Dois irmãozinhos maltrapilhos, provenientes da favela -
um deles de cinco anos e o outro de dez
- iam pedindo um pouco de comida pelas casas da rua que beira o morro.
Estavam famintos.
- Vai trabalhar e não amole - ouvia-se detrás da porta.
- Aqui não há nada moleque... - dizia outro.
As múltiplas tentativas frustradas entristeciam as crianças...
Por fim, uma senhora muito atenta disse-lhes:
- Vou ver se tenho alguma coisa para vocês... coitadinhos!
E voltou com uma latinha de leite. Que festa!
Ambos se sentaram na calçada. O menorzinho disse para o de dez anos:
- Você é mais velho, tome primeiro...
E olhava para ele com seus dentes brancos,
a boca semi-aberta, mexendo a ponta da língua.
Eu, como um tolo, contemplava a cena...
Se vocês vissem o mais velho olhando de lado para o pequenino...
Ele levou a lata à boca e, fazendo gesto de beber,
aperta fortemente os lábios para que por eles não penetre uma só gota de leite.
Depois, estendendo a lata, diz ao irmão:
- Agora é sua vez. Só um pouco.
E o irmãozinho, dando um grande gole, exclama:
- Como está gostoso!
- Agora eu, diz o mais velho.
E levando a latinha, já meio vazia, à boca, não bebe nada.

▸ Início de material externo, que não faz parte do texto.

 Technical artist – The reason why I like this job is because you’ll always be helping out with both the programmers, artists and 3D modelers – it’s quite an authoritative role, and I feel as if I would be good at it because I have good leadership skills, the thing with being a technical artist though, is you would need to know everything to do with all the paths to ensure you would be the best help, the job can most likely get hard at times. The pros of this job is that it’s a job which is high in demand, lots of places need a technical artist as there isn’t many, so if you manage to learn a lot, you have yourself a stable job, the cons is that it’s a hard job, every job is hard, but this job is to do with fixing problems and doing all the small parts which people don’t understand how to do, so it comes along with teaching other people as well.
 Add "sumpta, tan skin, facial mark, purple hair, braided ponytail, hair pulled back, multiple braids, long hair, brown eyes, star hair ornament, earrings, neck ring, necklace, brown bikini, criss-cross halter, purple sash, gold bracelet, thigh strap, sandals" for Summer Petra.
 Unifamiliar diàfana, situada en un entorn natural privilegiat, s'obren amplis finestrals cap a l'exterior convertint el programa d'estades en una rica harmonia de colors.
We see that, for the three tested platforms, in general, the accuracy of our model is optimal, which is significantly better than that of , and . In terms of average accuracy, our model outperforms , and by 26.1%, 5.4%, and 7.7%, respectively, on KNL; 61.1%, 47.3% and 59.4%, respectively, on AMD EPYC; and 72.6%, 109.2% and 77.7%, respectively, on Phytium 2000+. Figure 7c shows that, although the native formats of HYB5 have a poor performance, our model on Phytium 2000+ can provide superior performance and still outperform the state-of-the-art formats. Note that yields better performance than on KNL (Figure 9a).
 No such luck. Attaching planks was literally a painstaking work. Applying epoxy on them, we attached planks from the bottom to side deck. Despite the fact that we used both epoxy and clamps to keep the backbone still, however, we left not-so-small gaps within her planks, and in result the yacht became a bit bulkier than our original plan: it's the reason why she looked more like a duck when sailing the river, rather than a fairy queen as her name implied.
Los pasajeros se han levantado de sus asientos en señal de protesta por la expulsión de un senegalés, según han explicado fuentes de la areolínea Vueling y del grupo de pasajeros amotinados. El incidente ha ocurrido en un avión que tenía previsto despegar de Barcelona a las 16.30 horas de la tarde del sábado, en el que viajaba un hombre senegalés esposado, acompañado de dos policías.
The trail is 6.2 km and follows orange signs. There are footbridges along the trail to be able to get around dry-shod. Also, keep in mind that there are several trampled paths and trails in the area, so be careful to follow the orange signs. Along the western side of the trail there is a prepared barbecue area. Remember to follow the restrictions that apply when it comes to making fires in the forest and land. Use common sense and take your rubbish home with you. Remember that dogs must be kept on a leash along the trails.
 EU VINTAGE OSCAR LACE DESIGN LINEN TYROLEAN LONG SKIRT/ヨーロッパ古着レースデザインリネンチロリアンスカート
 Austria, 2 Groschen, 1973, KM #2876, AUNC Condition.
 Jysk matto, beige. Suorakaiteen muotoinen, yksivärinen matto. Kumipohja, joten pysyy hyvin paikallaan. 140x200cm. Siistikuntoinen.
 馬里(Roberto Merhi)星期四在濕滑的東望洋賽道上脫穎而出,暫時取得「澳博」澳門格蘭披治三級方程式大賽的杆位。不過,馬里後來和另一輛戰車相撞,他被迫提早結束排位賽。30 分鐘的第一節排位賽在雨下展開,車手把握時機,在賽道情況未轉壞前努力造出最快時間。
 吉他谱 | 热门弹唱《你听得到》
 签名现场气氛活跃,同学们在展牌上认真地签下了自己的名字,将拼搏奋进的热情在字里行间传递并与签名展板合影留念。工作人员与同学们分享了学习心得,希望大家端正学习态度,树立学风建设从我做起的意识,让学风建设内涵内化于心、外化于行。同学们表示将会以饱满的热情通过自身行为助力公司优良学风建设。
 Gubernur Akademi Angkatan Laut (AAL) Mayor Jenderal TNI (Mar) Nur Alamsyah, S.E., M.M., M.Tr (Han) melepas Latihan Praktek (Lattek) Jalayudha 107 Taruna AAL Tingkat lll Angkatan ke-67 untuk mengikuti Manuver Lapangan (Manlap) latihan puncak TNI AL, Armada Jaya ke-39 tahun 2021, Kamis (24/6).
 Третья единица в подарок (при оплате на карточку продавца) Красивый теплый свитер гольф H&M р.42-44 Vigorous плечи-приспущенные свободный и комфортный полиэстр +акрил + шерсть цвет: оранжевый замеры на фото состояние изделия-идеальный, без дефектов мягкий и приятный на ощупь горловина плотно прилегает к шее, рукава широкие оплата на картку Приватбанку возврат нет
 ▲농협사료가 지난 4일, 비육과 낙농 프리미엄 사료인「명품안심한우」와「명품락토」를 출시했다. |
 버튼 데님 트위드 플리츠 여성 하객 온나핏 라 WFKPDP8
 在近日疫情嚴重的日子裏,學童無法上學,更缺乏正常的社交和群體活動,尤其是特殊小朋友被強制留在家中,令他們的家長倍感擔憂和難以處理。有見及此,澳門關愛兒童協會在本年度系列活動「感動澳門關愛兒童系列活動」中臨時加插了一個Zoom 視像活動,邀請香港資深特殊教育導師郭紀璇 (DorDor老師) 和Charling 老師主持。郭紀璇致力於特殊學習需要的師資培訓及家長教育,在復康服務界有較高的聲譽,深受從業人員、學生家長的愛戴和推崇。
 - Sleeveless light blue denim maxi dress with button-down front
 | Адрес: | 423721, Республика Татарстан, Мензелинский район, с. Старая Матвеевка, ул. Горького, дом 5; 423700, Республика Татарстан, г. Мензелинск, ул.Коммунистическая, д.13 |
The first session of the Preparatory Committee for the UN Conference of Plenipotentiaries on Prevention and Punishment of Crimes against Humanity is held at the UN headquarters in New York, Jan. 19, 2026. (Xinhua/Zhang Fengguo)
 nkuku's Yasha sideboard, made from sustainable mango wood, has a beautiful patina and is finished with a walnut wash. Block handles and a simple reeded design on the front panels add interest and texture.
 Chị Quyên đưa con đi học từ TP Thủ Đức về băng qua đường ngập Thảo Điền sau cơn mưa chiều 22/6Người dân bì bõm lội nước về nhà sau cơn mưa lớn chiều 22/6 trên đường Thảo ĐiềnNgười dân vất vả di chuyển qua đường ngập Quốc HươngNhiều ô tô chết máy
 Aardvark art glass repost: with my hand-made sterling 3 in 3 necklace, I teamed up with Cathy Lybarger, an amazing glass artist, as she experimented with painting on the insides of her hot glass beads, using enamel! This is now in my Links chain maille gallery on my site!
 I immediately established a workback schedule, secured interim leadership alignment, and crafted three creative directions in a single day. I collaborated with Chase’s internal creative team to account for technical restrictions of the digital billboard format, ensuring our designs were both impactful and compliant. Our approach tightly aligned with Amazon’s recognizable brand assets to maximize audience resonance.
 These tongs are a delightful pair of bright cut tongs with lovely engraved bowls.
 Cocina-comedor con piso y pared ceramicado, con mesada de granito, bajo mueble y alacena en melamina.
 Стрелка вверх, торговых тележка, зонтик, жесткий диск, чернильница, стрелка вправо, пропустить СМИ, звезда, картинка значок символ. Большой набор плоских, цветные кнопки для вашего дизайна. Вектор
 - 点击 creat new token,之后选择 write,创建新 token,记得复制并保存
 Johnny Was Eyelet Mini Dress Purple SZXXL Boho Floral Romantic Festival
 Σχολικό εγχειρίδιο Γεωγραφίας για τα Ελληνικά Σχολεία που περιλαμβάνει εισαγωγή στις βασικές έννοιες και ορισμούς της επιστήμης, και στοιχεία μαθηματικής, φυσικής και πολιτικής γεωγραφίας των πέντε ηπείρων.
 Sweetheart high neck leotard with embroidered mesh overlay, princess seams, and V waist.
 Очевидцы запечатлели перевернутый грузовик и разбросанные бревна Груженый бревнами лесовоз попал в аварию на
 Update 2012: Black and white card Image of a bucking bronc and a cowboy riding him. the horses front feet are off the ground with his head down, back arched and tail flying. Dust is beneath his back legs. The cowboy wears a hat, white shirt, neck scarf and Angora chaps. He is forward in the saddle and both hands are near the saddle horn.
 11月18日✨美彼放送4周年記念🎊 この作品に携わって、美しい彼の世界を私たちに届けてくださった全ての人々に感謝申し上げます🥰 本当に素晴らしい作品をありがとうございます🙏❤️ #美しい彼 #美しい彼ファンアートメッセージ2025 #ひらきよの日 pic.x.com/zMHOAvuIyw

'Agora você', 'Agora eu', 'Agora você', 'Agora eu'...
Depois de três, quatro, cinco ou seis goles, o menorzinho,
de cabelo encaracolado, barrigudinho,
com a camisa de fora, esgota o leite todo... sozinho.
Esse 'agora você', 'agora eu' encheram-me os olhos de lágrimas.
E então, aconteceu algo que me pareceu extraordinário.
O mais velho começou a cantar, a sambar,
a jogar futebol com a lata de leite. Estava radiante,
o estômago vazio, mas o coração trasbordante de alegria.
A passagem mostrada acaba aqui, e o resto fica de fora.